He was Sheriff of London from 1621 to 1622 and Master of the Haberdashers Company for the first time in the same year: he transferred as alderman to the Langbourn ward in 1626.
In 1624 the theologian Thomas Gataker (1574-1654) published a volume Iacobs Thankfulnesse to God, for Gods Goodness to Iacob, dedicated jointly to Sir William and to Mr George Whitmore, opening his address by stating that their mother had presented him and spoken for him at baptism, as his godmother.

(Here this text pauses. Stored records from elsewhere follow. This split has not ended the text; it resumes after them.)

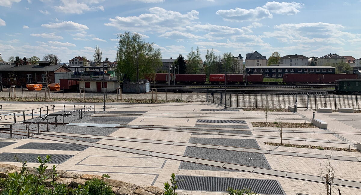 Eine nicht alltägliche Aufgabenstellung. Auf einem Freigelände des Tagungszentrums der Sächsischen Wirtschaft (TSW) und der Eventlocation ‚Güterboden‘ sollen die für ein Eisenbahnmuseum genutzten Flächen in eine Aufenthalts- sowie Veranstaltungsfläche und einen Parkplatz umgestaltet werden. Die Entwurfsidee legt sich wie ein Tuch über die gesamte Freifläche mit seinen verschiedenen Nutzungsbereichen. Technisch anspruchsvoll ist die Pflasterung zwischen den Gleisen und die Einbeziehung der eisenbahnnotwendigen Ausstattungen.
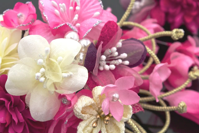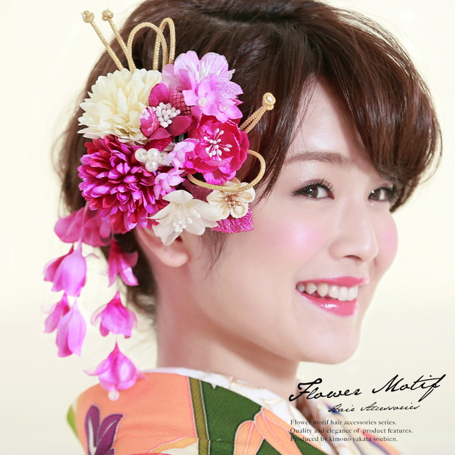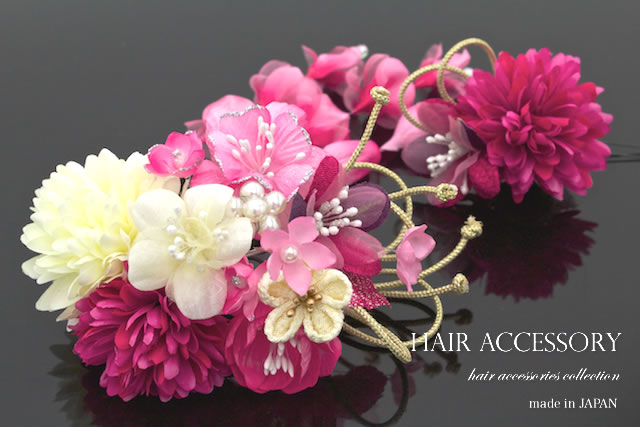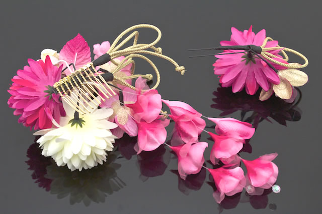成人式 髪飾り 成人式の髪飾り 2点セット ピンクマゼンタ 桜 菊 花 つまみ細工 水引 ラメ コサージュ 卒業式 振袖 袴 前撮り 髪留め ヘアアクセサリー 日本製 和装
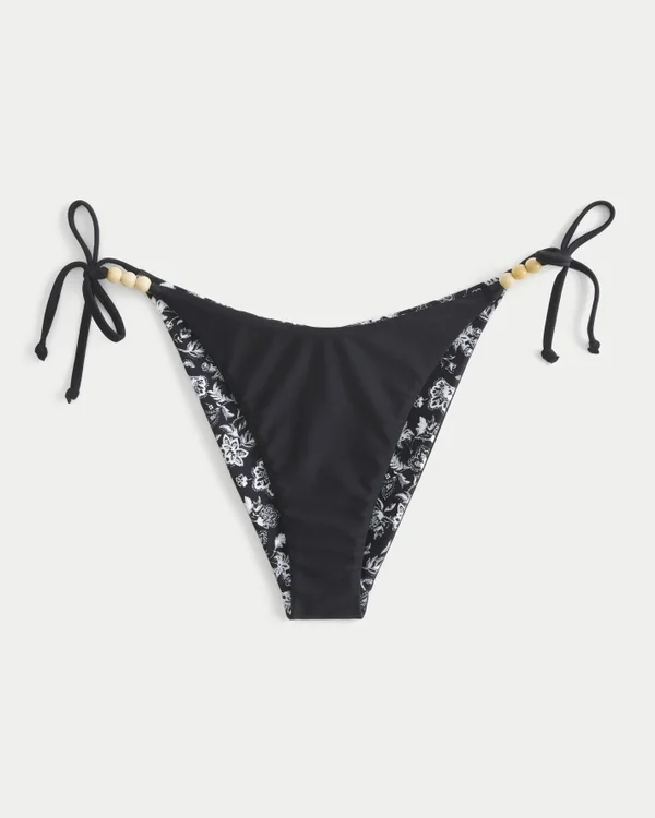 Bonito bikini reversible con lazos laterales y detalles de cuentas. Corte atrevido.

His texts, which concern the promise that God will advance the temporal affairs of those who attend to the spiritual, are, he says, "to egge you on, whom God hath blessed with so large a portion of his bounty, unto those religious offices, that by occasion of Iacobs example, men of your rancke are therein encited unto, whether risen from meane estate, as with him here it had beene, or from the first largely and liberally endowed, as your selves".
Thomas Heywood published an account of all the pageants and triumphs which attended his inauguration, and in his dedicatory letter wrote: "...of you it may be undeniably spoken: that none ever in your place was more sufficient or able, any cause whatsoever shall be brought before you, more truly to discerne; being apprehended more aduisedly to dispose, being digested, more maturely to despatch.
[1] In 1641, he received King Charles I at Balmes Manor,[1] which had been purchased for him in 1634 by his elder brother Sir William Whitmore of Apley,[11] High Sheriff of Shropshire in 1620.